I do wish more people with actual recording know how get a hold of his amps. IMO Hermansson's own demos never did the amps justice. Not sure if it's how he dials in his amps or how he records the cabs, but the Jocke videos REALLY do show what these amps are capable of.


----------



## DeathByButterslax (Aug 6, 2020)

Werecow said:


> His actual words are that he removes the pre-amp and puts in his own 5 stage.
> 
> I've realised what his amps (especially that Jocke Skog one) remind me of now... the guitar tone on Soul Of A New Machine. Just massively huge but stupidly chunky as well.
> 
> Can you give me a price on your build DeathByButterslax?



it was steep, 4050 CAD shipped (3800 For the build + 300 for the two switches) so what’s that like 3000USD? definitely worth every penny. I think he only does one at a time. Plus yeah it is a full rebuild.

Also the customer service was great, he send me daily emails with gut shots, our email chain is like 100 messages now.


----------



## Werecow (Aug 6, 2020)

DeathByButterslax said:


> it was steep, 4050 CAD shipped (3800 For the build + 300 for the two switches) so what’s that like 3000USD? definitely worth every penny. I think he only does one at a time. Plus yeah it is a full rebuild.
> 
> Also the customer service was great, he send me daily emails with gut shots, our email chain is like 100 messages now.



Cheers


----------



## DeathByButterslax (Aug 6, 2020)

HeHasTheJazzHands said:


> I do wish more people with actual recording know how get a hold of his amps. IMO Hermansson's own demos never did the amps justice. Not sure if it's how he dials in his amps or how he records the cabs, but the Jocke videos REALLY do show what these amps are capable of.





this in the room clip is where he really got my attention. But yeah Jockes clip definitely show what the amp is capable. I don’t think he has a depth on his, I know that I can get a ton of thump with mine


----------



## DeathByButterslax (Aug 6, 2020)

Werecow said:


> Cheers




Also I do hear the FF, I’m going to try and dial in a BodyHammer tone. That early Fear Factory sound is my favourite sound, maybe I need a 7 string with a blaze for that though


----------



## Werecow (Aug 6, 2020)

DeathByButterslax said:


> it was steep, 4050 CAD shipped (3800 For the build + 300 for the two switches) so what’s that like 3000USD? definitely worth every penny. I think he only does one at a time. Plus yeah it is a full rebuild.
> 
> Also the customer service was great, he send me daily emails with gut shots, our email chain is like 100 messages now.



Just one more question (i've never had a mod done)... when you say for the build, is that with him finding a "donor amp" as well? Or did you send him an amp to mod and then it's that price?
Just asking because Dan Gower can quote prices where he gets the amp for you as well, so it's almost like just buying an amp from him.


----------



## DeathByButterslax (Aug 6, 2020)

Werecow said:


> Just one more question (i've never had a mod done)... when you say for the build, is that with him finding a "donor amp" as well? Or did you send him an amp to mod and then it's that price?
> Just asking because Dan Gower can quote prices where he gets the amp for you as well, so it's almost like just buying an amp from him.

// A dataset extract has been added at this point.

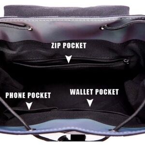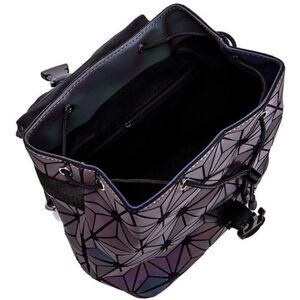 -Sacred geometric stylish design. The color of the backpack changes on the light setting. The primary color is purple (no flash). With flash, the backpack reflects a variety of luminous colors.

Yeah sorry, I should’ve been more clear. 3800 was the quote WITH him finding a donor amp. He did all that for me and was able to do it very quickly. This may or may not have been luck however, he found it for a good price in Sweden


----------



## Werecow (Aug 6, 2020)

DeathByButterslax said:


> Yeah sorry, I should’ve been more clear. 3800 was the quote WITH him finding a donor amp. He did all that for me and was able to do it very quickly. This may or may not have been luck however, he found it for a good price in Sweden



Thanks, that's awesome. I just suddenly realised it'd get VERY expensive if i had to come up with an amp as well.


----------



## DeathByButterslax (Aug 6, 2020)

Werecow said:


> Thanks, that's awesome. I just suddenly realised it'd get VERY expensive if i had to come up with an amp as well.



I was tempted by Dans work as well, and I can’t imagine getting anything from him would give anyone buyers remorse. I just thought Henric's amp would be something no one else around here would have. Plus myself I have a Jose already.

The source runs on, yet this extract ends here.